* Supplied material:
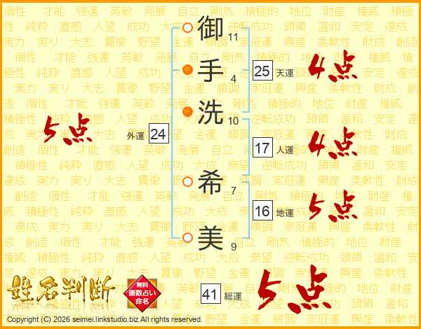 御(11画)手(4画)洗(10画) 希(7画)美(9画)
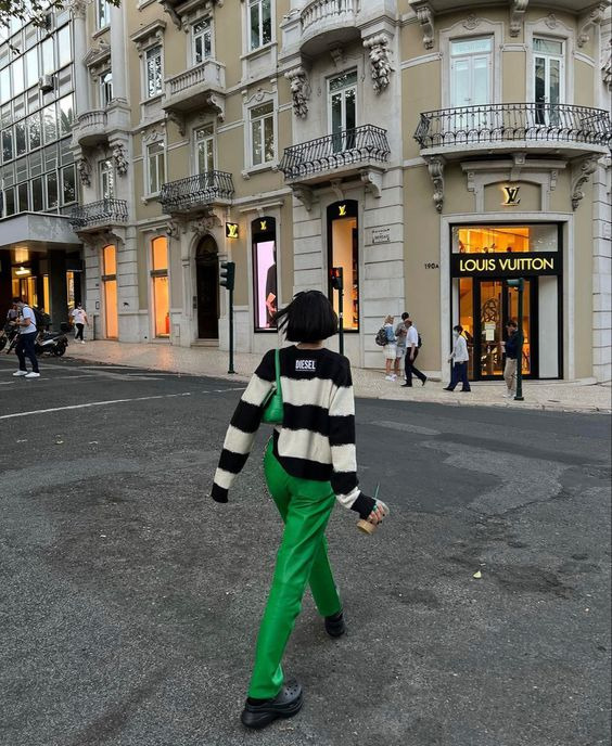 초록 색 바지 코디는 마치 보테가 베네타 같음
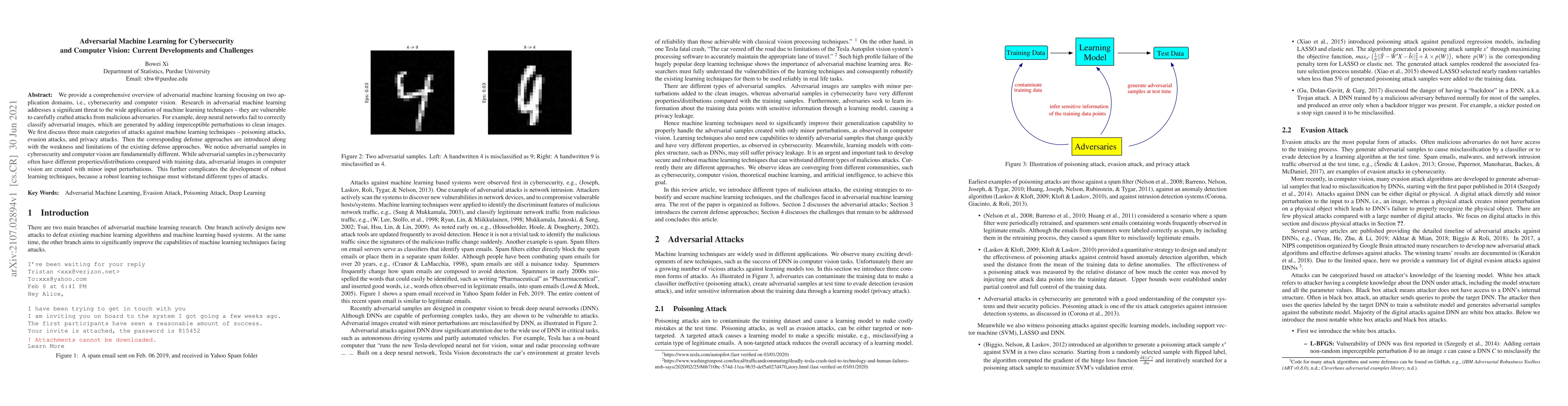 This paper reviews adversarial machine learning threats, focusing on cybersecurity and computer vision, highlighting vulnerabilities like poisoning, evasion, and privacy attacks. It discusses existing defense approaches, noting the distinct nature of adversarial samples in these domains and the challenges in developing robust learning techniques.
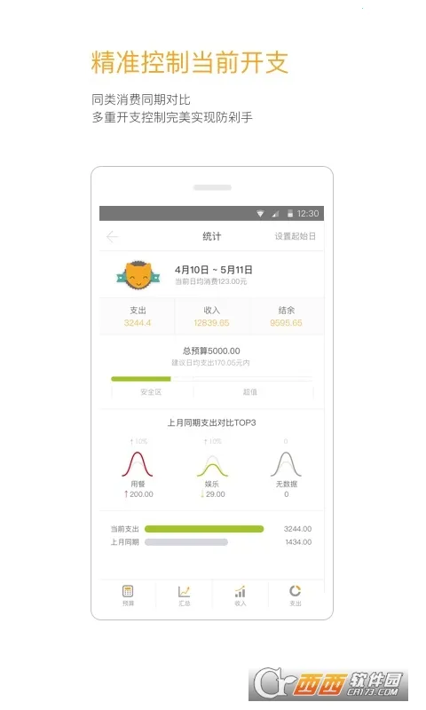 2、其具备强大的统计分析功能,通过分类饼图、柱状图以及收支折线图等,完美统计金钱流向,每笔消费都有据可查。
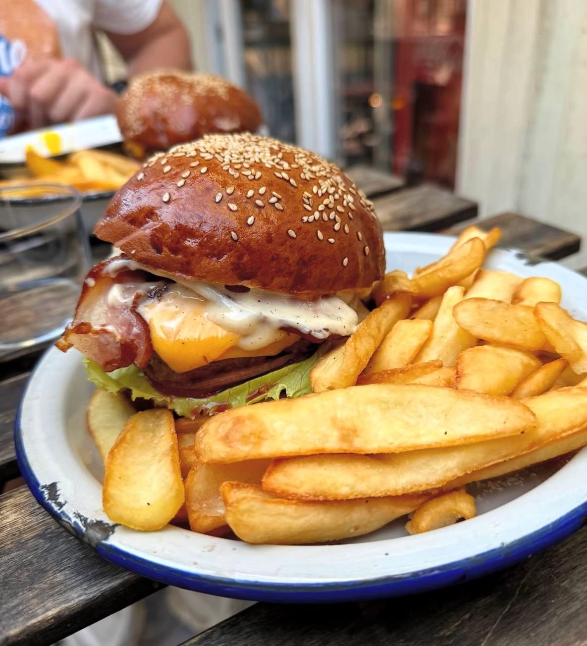 Burger and fries both look great.
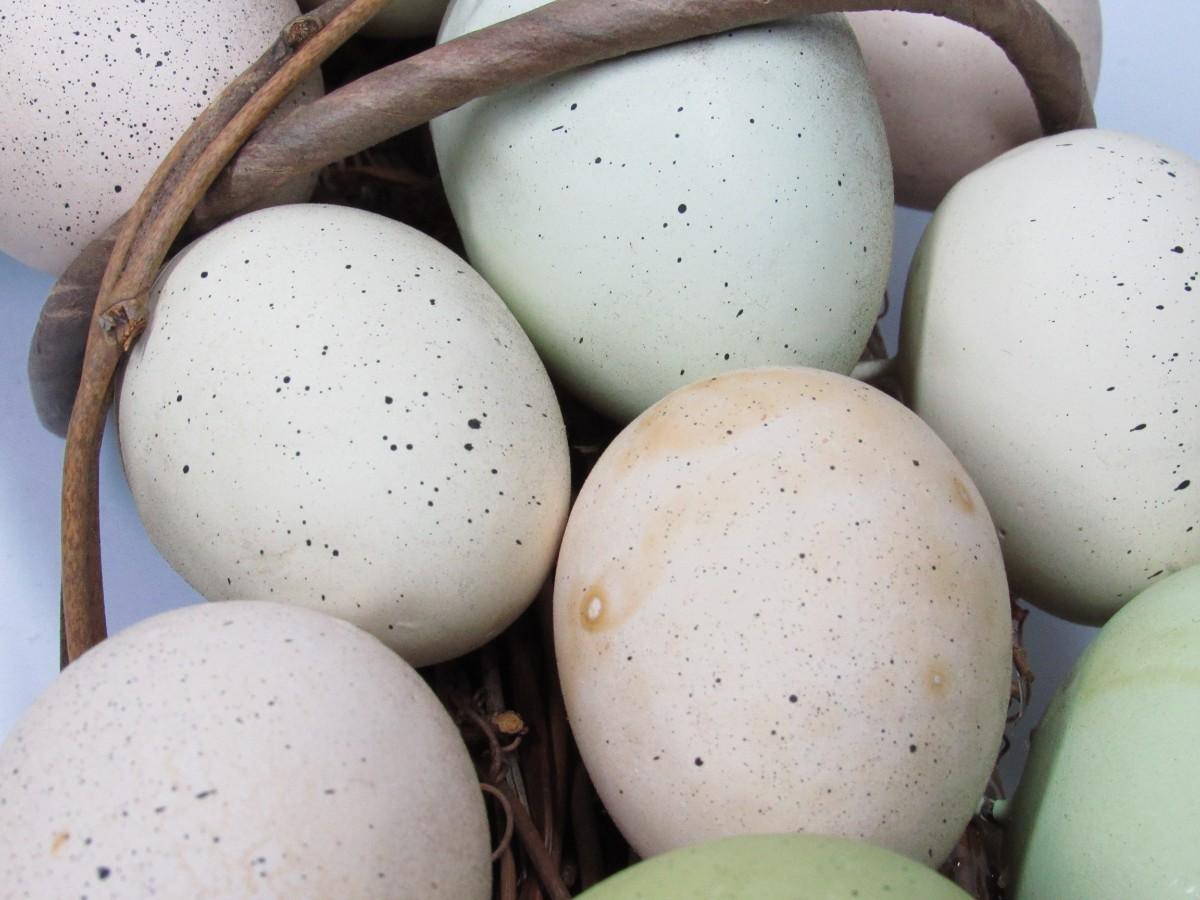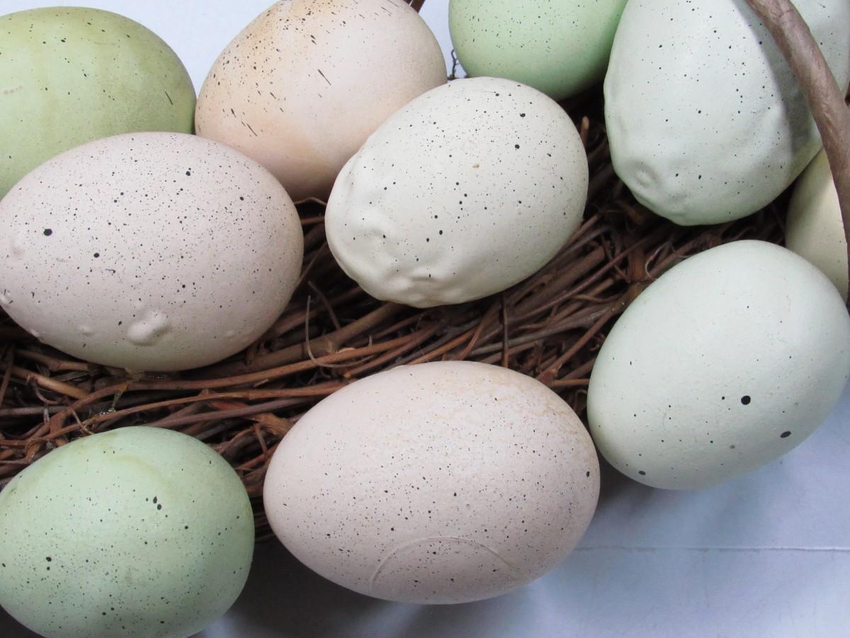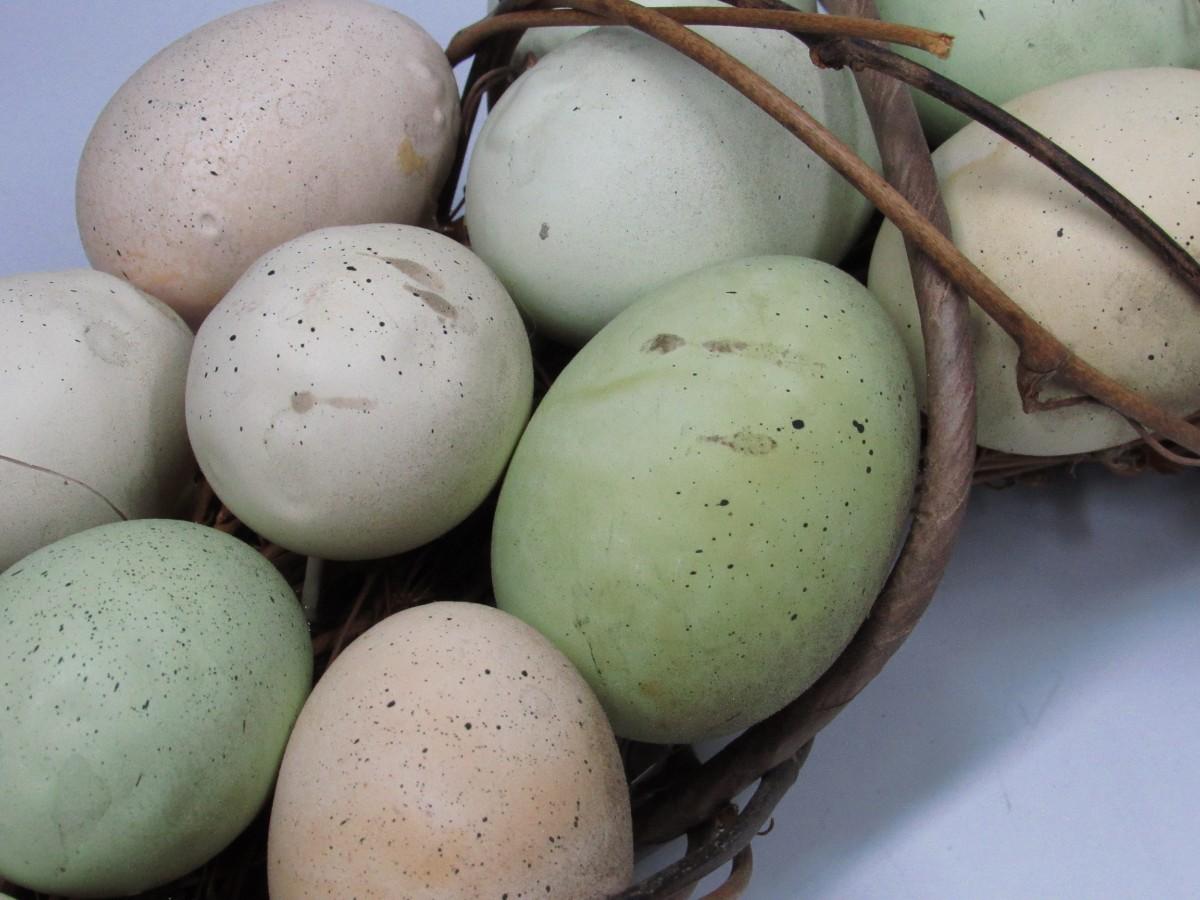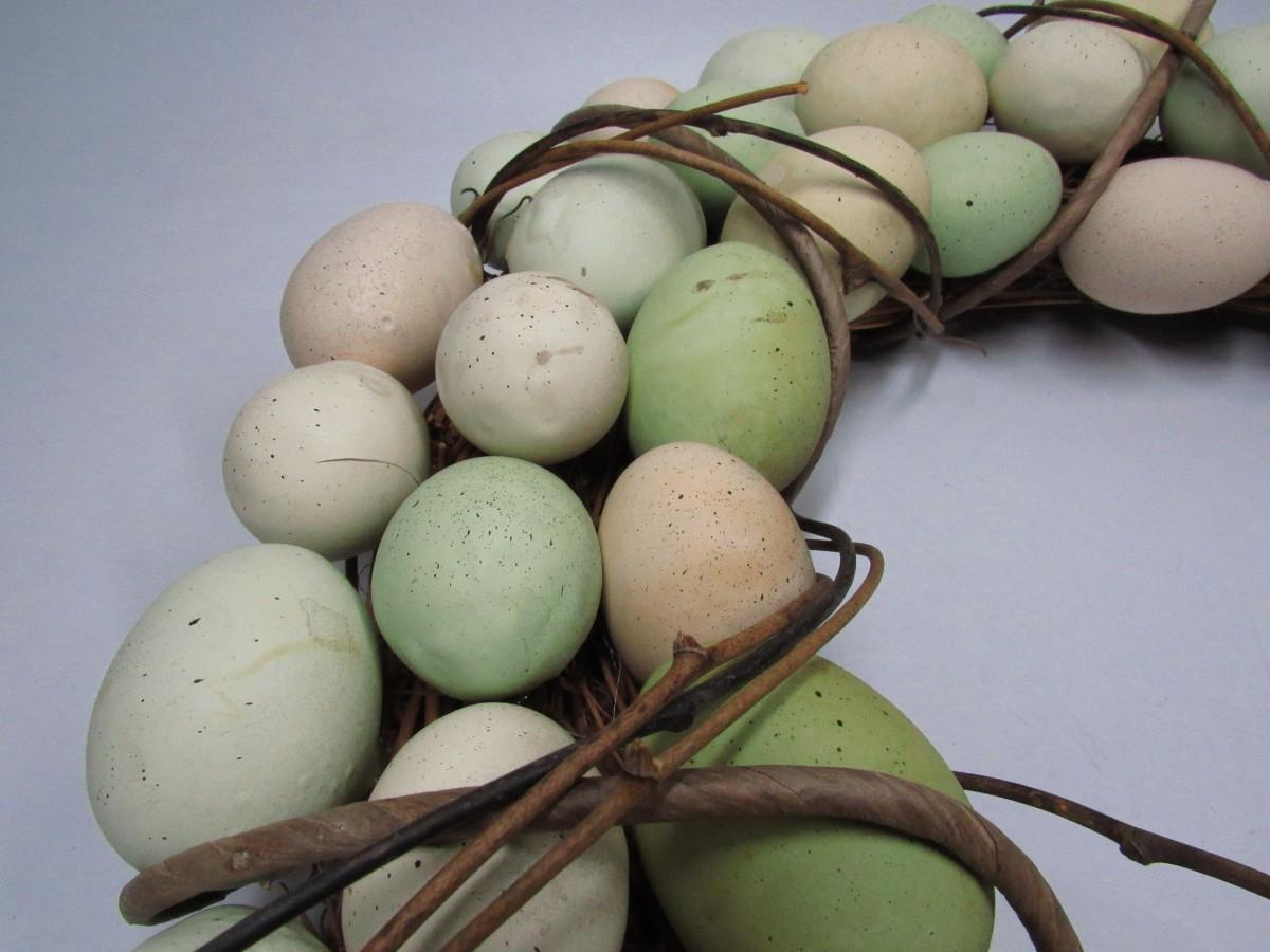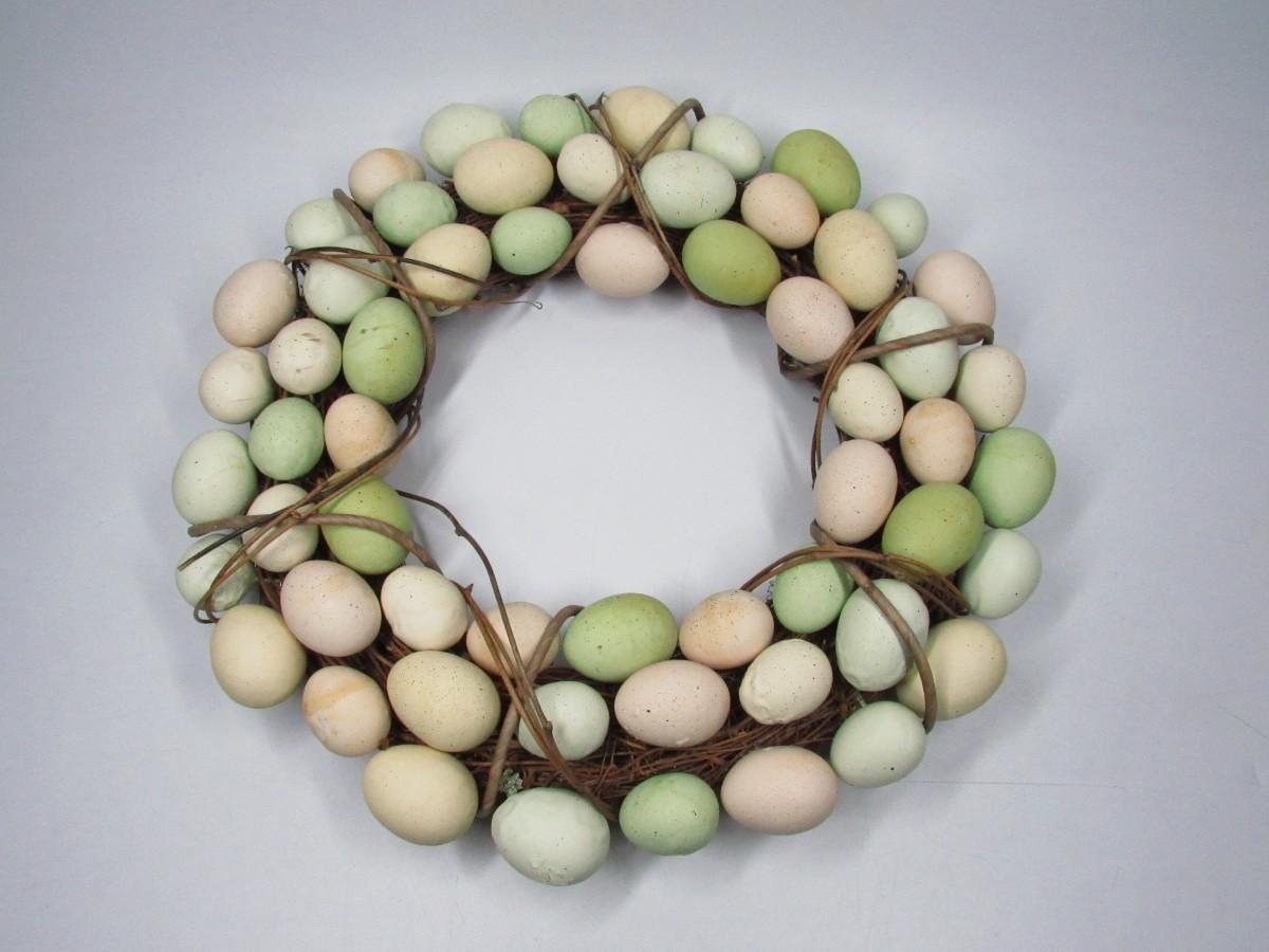 There is some light wear to the eggs on the wreath, but there is no significant damage and in good displayable condition. Check pictures for more details and sizing.

* The problem: What is needed is an exact copy of all the records, minus any pictures.

* Answer box:
 御(11画)手(4画)洗(10画) 希(7画)美(9画)
 초록 색 바지 코디는 마치 보테가 베네타 같음
 This paper reviews adversarial machine learning threats, focusing on cybersecurity and computer vision, highlighting vulnerabilities like poisoning, evasion, and privacy attacks. It discusses existing defense approaches, noting the distinct nature of adversarial samples in these domains and the challenges in developing robust learning techniques.
 2、其具备强大的统计分析功能,通过分类饼图、柱状图以及收支折线图等,完美统计金钱流向,每笔消费都有据可查。
 Burger and fries both look great.
 There is some light wear to the eggs on the wreath, but there is no significant damage and in good displayable condition. Check pictures for more details and sizing.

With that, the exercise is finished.